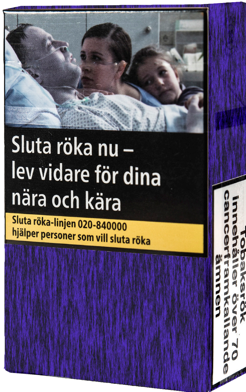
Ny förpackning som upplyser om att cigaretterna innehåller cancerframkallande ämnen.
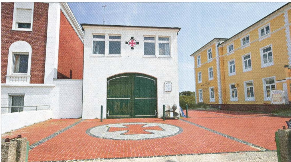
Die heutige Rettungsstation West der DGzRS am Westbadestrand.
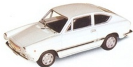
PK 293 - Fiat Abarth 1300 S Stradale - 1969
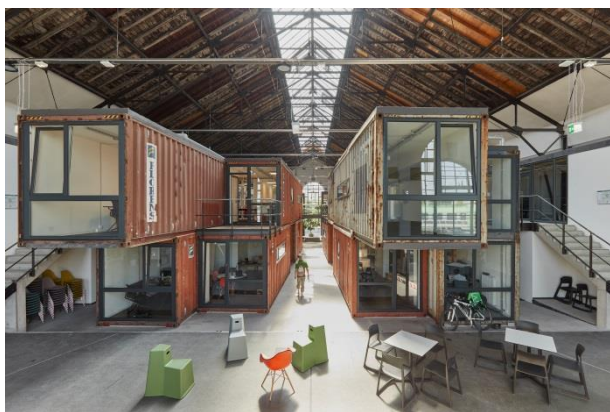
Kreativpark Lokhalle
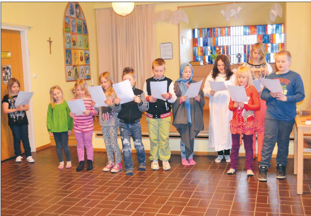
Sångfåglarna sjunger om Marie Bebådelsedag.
#####
Exercise aim:
Copy out all the entries precisely. No images.

Solution for this task:
Ny förpackning som upplyser om att cigaretterna innehåller cancerframkallande ämnen.
Die heutige Rettungsstation West der DGzRS am Westbadestrand.
PK 293 - Fiat Abarth 1300 S Stradale - 1969
Kreativpark Lokhalle
Sångfåglarna sjunger om Marie Bebådelsedag.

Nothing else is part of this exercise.